Take body mass. We have estimates of the size of all British bird species, but these are going to be based on quite small samples of all the birds that have ever lived. How accurate they are is going to depend on how representative those samples are. For rare species this probably doesn’t matter much, but for common species it will. In fact, the mass estimates we used were largely based on females – for some species, males are significantly larger, for others males are significantly smaller.
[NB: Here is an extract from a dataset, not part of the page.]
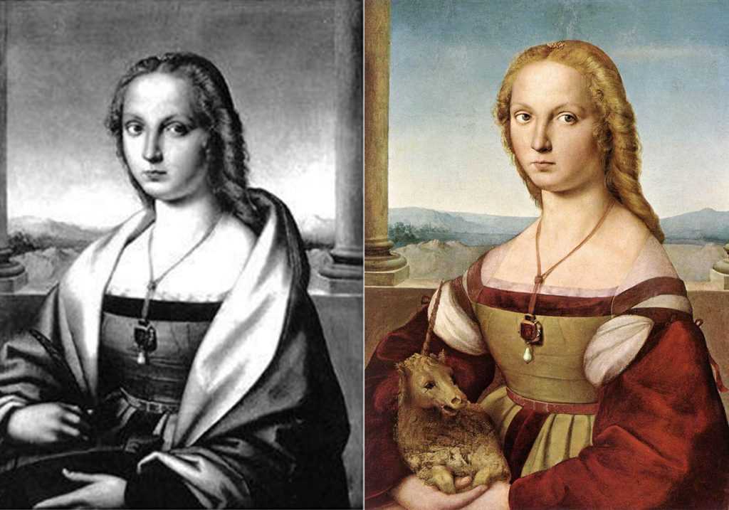 Если бы историям реставрации картин давали заголовки, то «Даму с единорогом» назвали бы «А был ли единорожек?». Написанная в начале XVI века, полотно Рафаэля изображало некую даму, но впервые оно упоминается под названием «Святая Екатерина Александрийская». К 1959 году состояние картины было плачевным, и ее решили отреставрировать. Тогда и выяснилось, что неизвестную даму по какой-то причине превратили в Святую Екатерину, дорисовав ей главные атрибуты святой: мученическое колесо (символ Божьей избранницы) и пальмовую ветвь. Чтобы образ выглядел более целомудренно, даме даже прикрыли голые плечи, заботливо пририсовав накидку.

Overall, it will be errors in the estimates of the commoner, larger-bodied species that we would expect to have the biggest effect on our biomass estimates – species like Pheasants. The impact of these effects could go either way, in terms of the perceived contribution of Pheasants to British bird biomass. Pheasants are one species where males are somewhat larger than females, so depending on what proportion of the birds released in autumn are males, the brown bar in the histogram could potentially be a substantial underestimate of the biomass of those gamebirds.
The third point is that we can quibble about details – and as a scientist, that is something that I am duty-bound to do – but this quibbling does not alter larger picture. Alien gamebirds represent a substantial proportion of the biomass of birds in Britain. Comparing the breeding populations – the fairest comparison we can make with our data – around 20% of the mass of British birds is aliens, and most of this biomass consists of Ring-necked Pheasants and Red-legged Partridges. The massive autumn gamebird releases mean that this proportion is probably a lot higher at that time of year, before shooting, roads, natural predators, and winter take their toll and bring the population down to its breeding level the following spring.
All of this mass of birds cannot but have massive impacts on the natural environment, though the plants and insects they consume, their competition for those resources with native species, the diseases they harbour and help spread, their effects on predator populations, and the knock-on effects of those predators on other species. They will also have effects through the ways in which shooting concerns manage the environment to the benefit of these birds, though the provisioning of food and cover, or the control of predators. These effects will benefit some native species, and be detrimental to others. At the moment, however, we have little real idea what those effects are, or what the British countryside would look like if we did not have the gamebird industry. Regardless of your views about hunting as a pastime, surely that is something we should try to understand.